Thursday, December 27, 2012
Antarctic Researchers Cancel Search for Life 2 Miles Down
U.K. researchers hunting for life in a lake under 3 kilometers (2 miles) of Antarctic ice called off their mission after drilling delays led to a fuel shortage.
The team decided to halt work on Dec. 25 after failing to link two boreholes 300 meters beneath the ice, according to the British Antarctic Survey, part of the drilling group.
The researchers will have to wait at least another year to try reaching Lake Ellsworth, which has been isolated under the West Antarctic ice sheet for hundreds of thousands of years. They’d hoped to test water samples for microbial life and search the lake bed for clues into the past climate of Antarctica.
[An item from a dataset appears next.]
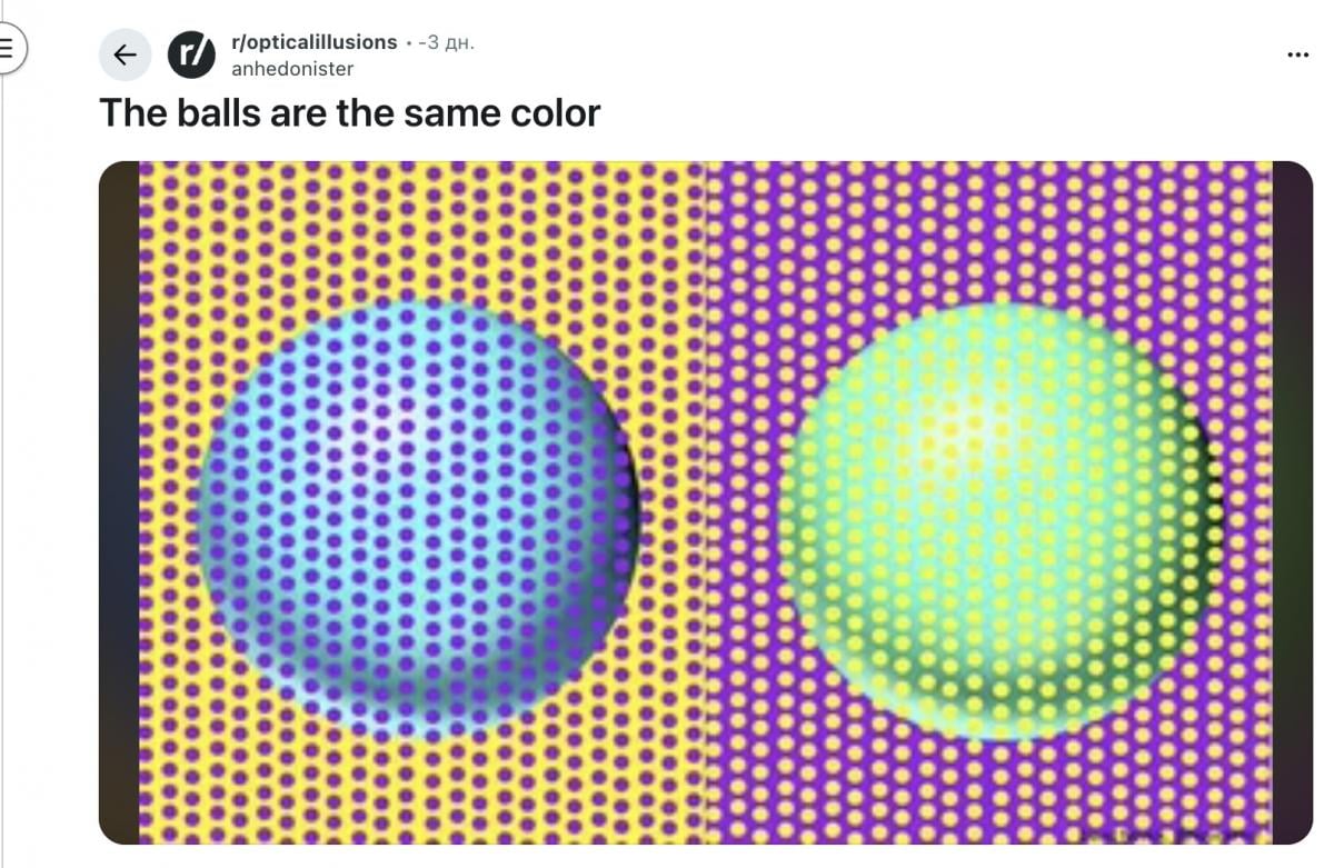 Das Bild ist vertikal in zwei Hälften geteilt: Die linke Hälfte zeigt einen blauen Ball auf gelbem Hintergrund, der mit einem Muster aus lila Punkten bedeckt ist. Die rechte Hälfte zeigt einen grünen Luftballon auf lila Hintergrund mit einem Muster aus gelben Punkten. Der Titel des Beitrags behauptet, dass die Bälle tatsächlich die gleiche Farbe haben.
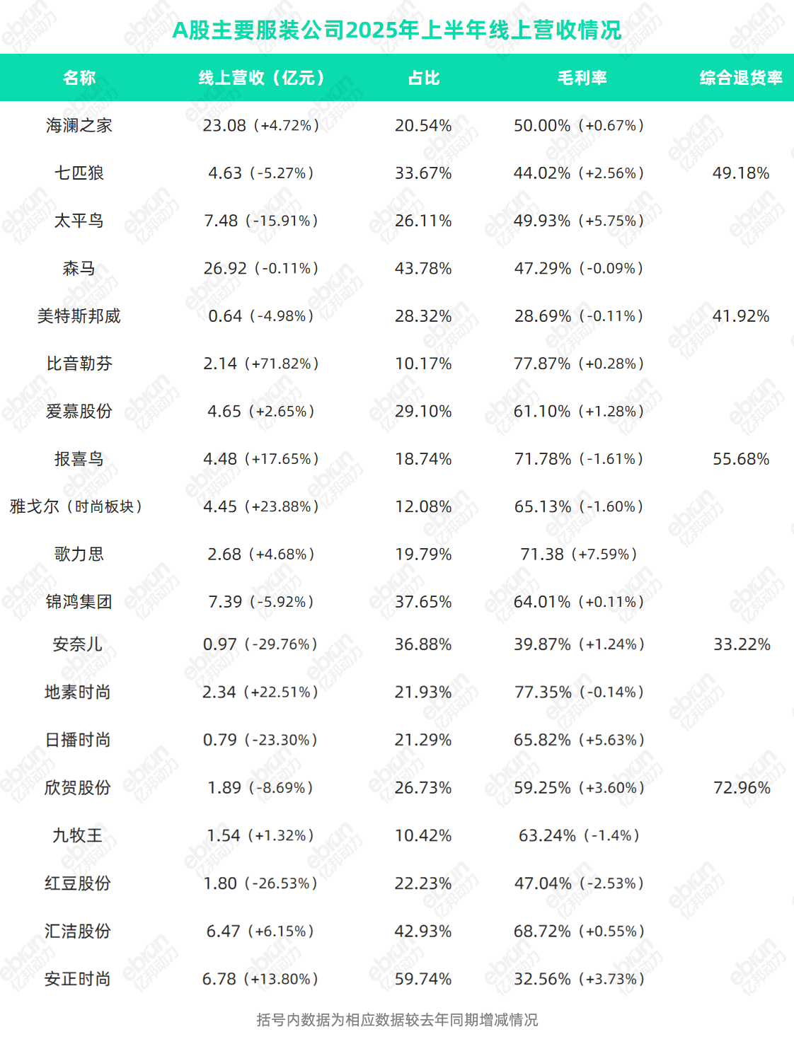 如报喜鸟、海澜之家、比音勒芬等均入驻得物。其中,比音勒芬线上营收2.14亿元,大涨71.82%,规模接近2024全年水平,毛利率高达77.87%,与线下基本持平。比音勒芬、报喜鸟在抖音、天猫、小红书、京东、拼多多、微信小程序等渠道开设10个新门店,报喜鸟和爱慕等布局线上社群营销。

“This is, of course, hugely frustrating for us, but we have learned a lot this year,” principal investigator Martin Siegert said today in an e-mailed statement. “I remain confident that we will unlock the secrets of Lake Ellsworth in coming seasons.”
The researchers had struggled with a leaking cavity, designed to link the main borehole with a secondary hole used to recirculate drilling water back to the surface. They used so much fuel melting snow to fill the cavern that they didn’t have enough to complete the project, which relied on a pressurized hot-water drill.
Siegert, a professor of geosciences at the University of Edinburgh, first thought of searching for life in Antarctica’s underground lakes 16 years ago. Ellsworth was chosen as a target for the 8 million-pound ($13 million) project eight years later.
It’s one of at least 387 known sub-glacial Antarctic lakes, which formed deep below the surface as the pressure exerted by thousands of meters of ice drove down the freezing point of water.